* _INSTRUCTIONS FOR THE TASK_
Pictures in the material below are to be left out, and only the lines from the line with "Лимонът е прекрасен" up to and including the line with "Bad deckenhoch gefliest" are to be written out exactly.

* _STUDY MATERIAL_
+ + +

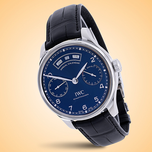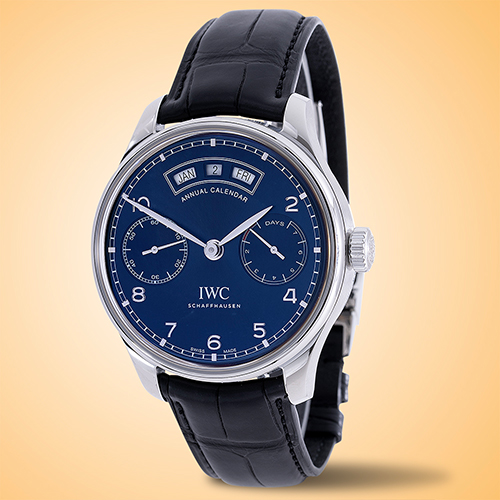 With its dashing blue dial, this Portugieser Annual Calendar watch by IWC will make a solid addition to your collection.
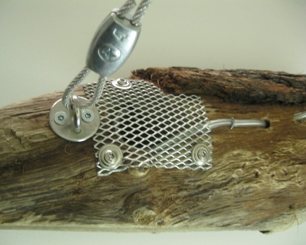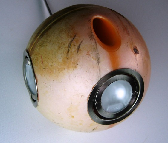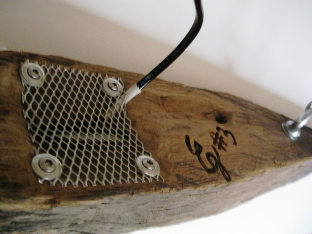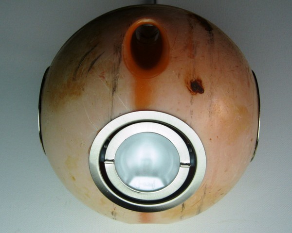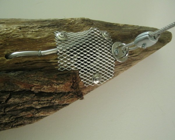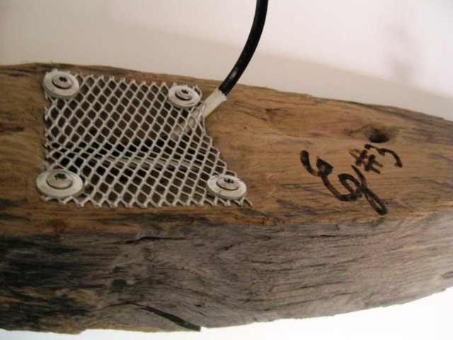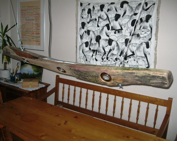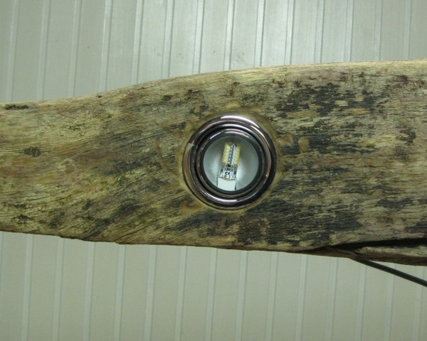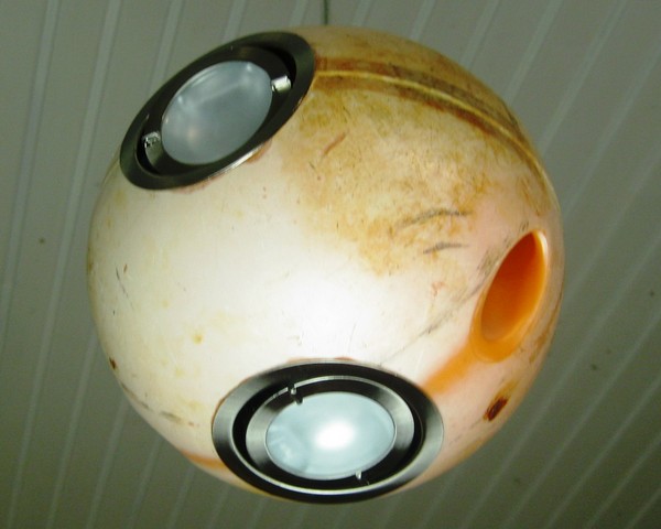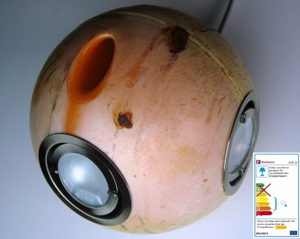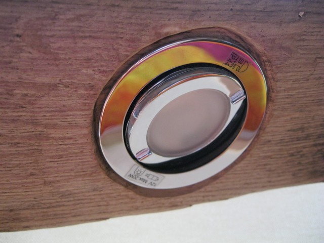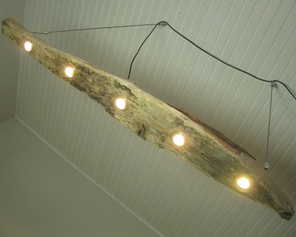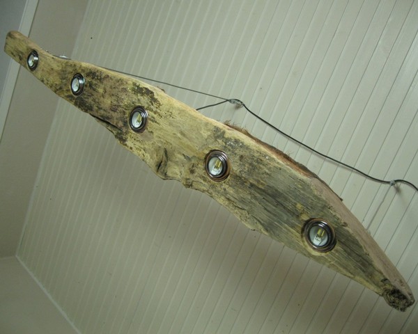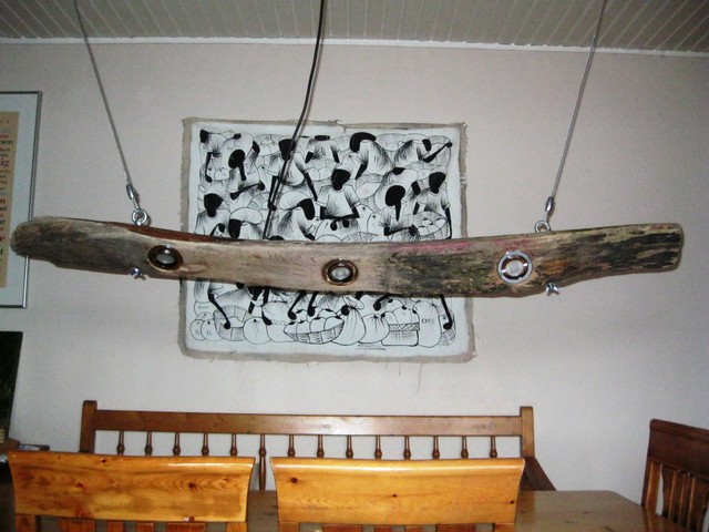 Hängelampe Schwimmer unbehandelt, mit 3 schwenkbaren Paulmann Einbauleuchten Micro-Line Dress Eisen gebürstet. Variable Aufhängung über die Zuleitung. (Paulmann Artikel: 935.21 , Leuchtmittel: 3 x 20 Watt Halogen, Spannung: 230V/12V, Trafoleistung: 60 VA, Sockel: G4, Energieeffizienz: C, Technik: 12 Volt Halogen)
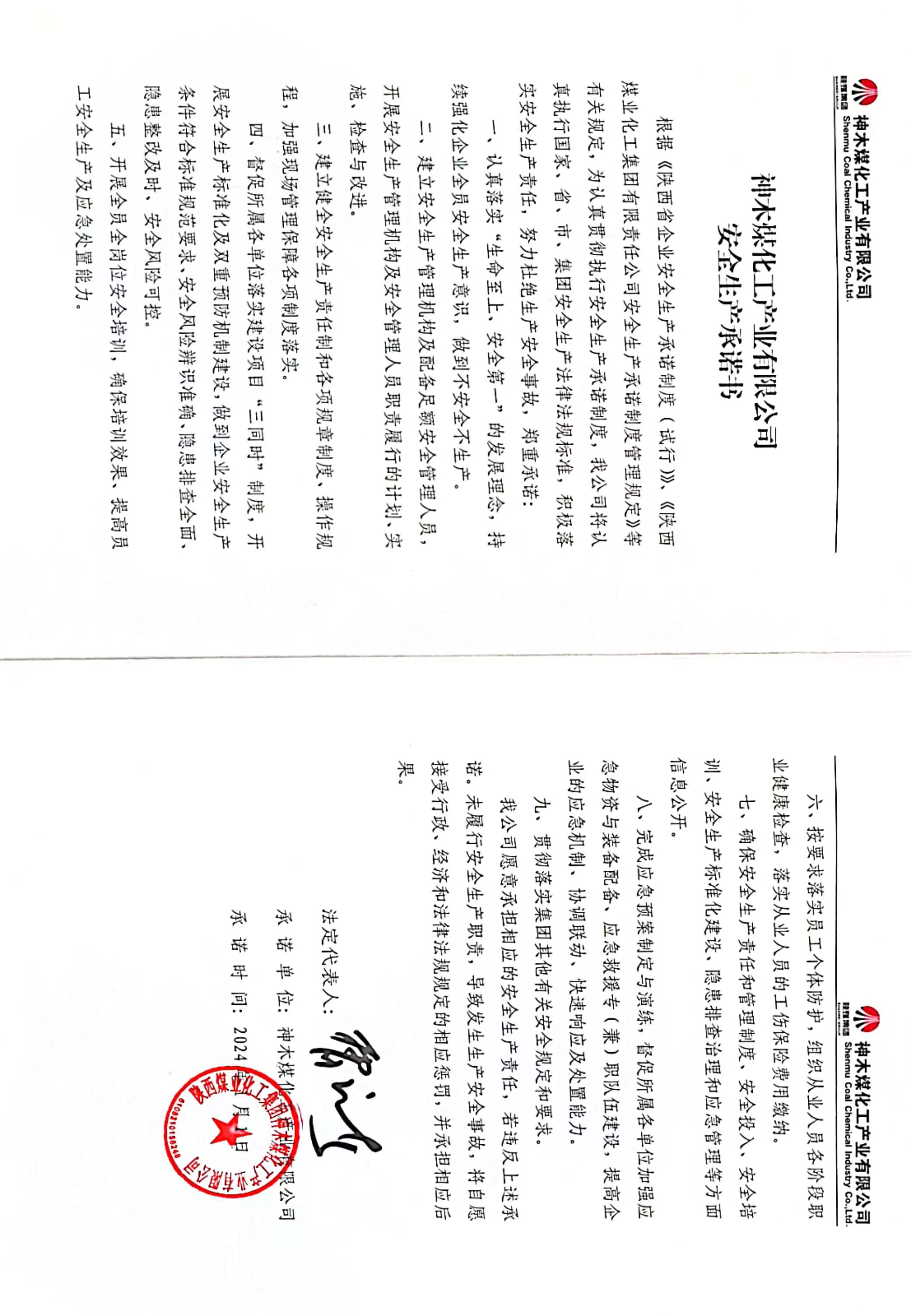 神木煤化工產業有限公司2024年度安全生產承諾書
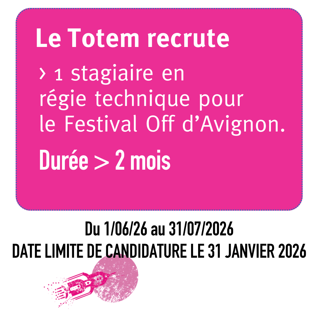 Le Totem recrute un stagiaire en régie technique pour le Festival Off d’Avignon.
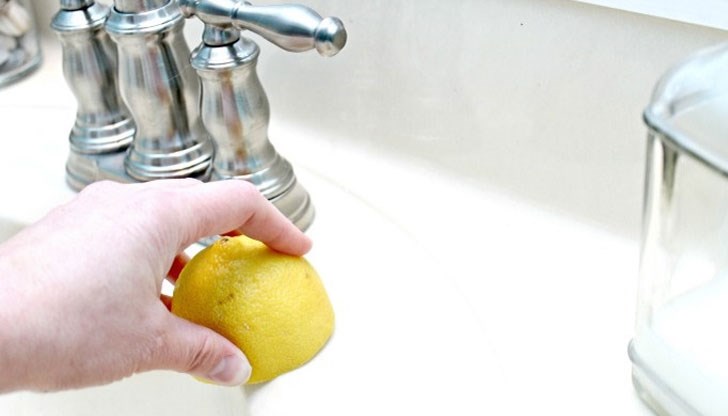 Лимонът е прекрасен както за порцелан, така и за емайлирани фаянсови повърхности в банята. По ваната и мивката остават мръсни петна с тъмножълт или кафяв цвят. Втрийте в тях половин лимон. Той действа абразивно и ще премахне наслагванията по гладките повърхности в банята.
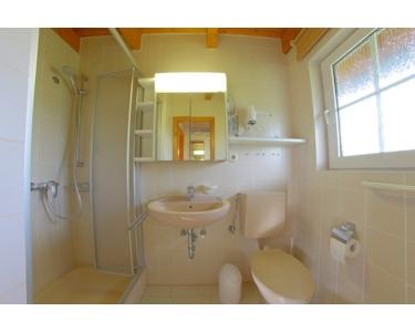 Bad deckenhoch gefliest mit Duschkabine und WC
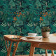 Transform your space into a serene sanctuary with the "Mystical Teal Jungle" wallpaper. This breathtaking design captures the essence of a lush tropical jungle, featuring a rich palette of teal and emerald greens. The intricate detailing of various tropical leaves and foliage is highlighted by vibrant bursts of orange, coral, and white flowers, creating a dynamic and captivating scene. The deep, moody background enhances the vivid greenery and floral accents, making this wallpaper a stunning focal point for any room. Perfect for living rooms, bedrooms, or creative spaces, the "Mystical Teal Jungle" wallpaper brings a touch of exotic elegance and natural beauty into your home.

+ + +

* _OUTPUT FOR THIS TASK_
 Лимонът е прекрасен както за порцелан, така и за емайлирани фаянсови повърхности в банята. По ваната и мивката остават мръсни петна с тъмножълт или кафяв цвят. Втрийте в тях половин лимон. Той действа абразивно и ще премахне наслагванията по гладките повърхности в банята.
 Bad deckenhoch gefliest mit Duschkabine und WC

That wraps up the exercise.